On the other hand, secularization research fails to see the elephant in the room: that our
world is not that of the first half of the 20th century, that decline doesn’t capture what’s
really going on, and that churched religion can no longer be the standard for ‘religion’.

Acknowledgements
Sensing conflicting reactions to Jörg Stolz’s ISSR presidential address in Barcelona, I proposed
that he submit the final text to commentary from scholars of different perspectives. I admire him
for accepting this proposal, and thank him warmly for extending the invitation to me.

Funding
The author(s) received no financial support for the research, authorship, and/or publication of this
article.

Note
1. It is not that quantitative methods are flawed per se.
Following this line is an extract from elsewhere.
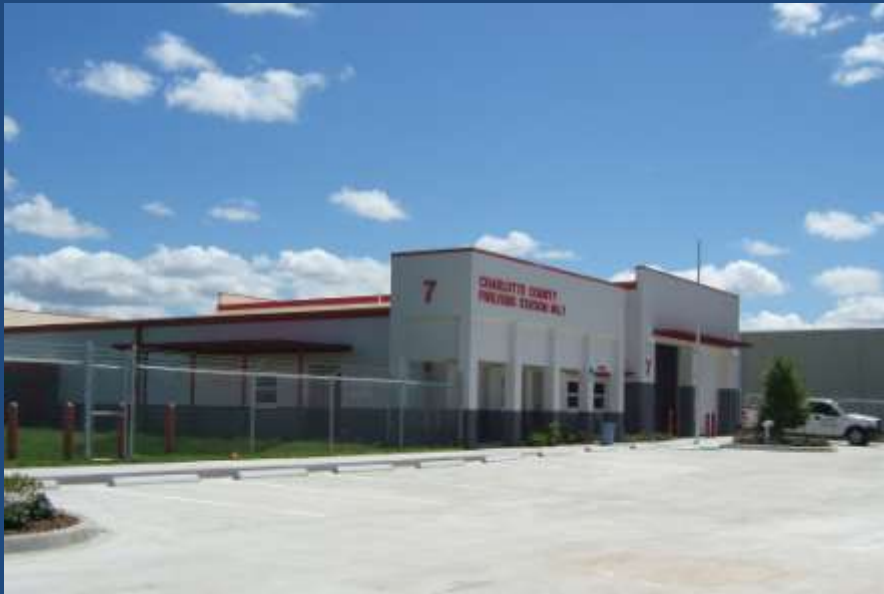
Fire Station 7, located at the Punta Gorda Airport

Durkheim, for instance, as well as
Bourdieu, multiplied the variables in order to seize society, or large sections of it, in their
entirety, and contextualized them as part of a general analysis.

References
Beyer P (2012) Socially engaged religion in a post-Westphalian global context: Remodeling the
secular/religious distinction. Sociology of Religion 73(2): 109–129.
Gauthier F (2020) Religion, Modernity, Globalisation: Nation-State to Market. London: Routledge.
Hungerman DM (2014) The effect of education on religion: Evidence from compulsory schooling
laws. Journal of Economic Behavior & Organization 104: 52–63.
Illouz E (2008) Saving the Modern Soul: Therapy, Emotions, and the Culture of Self-Help.
Berkeley: University of California Press.
Spickard J (2015) You can’t get there from here: On the disconnect between theory and evidence
in the sociology of religion. In: 33rd Conference of the international society for the sociology
of religion, Louvain-la-Neuve, 2–5 July.
Taylor C (2002) Varieties of Religion Today. Cambridge, MA: Harvard University Press.
Voas D (2008) The continuing secular transition. In: Pollack D and OlsonD VA (eds) The Role of
Religion in Modern Societies. New York: Routledge, 25–48.

Author biography
François GAUTHIER is Professor of Religious Studies at the Social Sciences Department of the
University of Fribourg, Switzerland.
Address: Boulevard de Pérolles 90, CH-1700 Fribourg, Switzerland.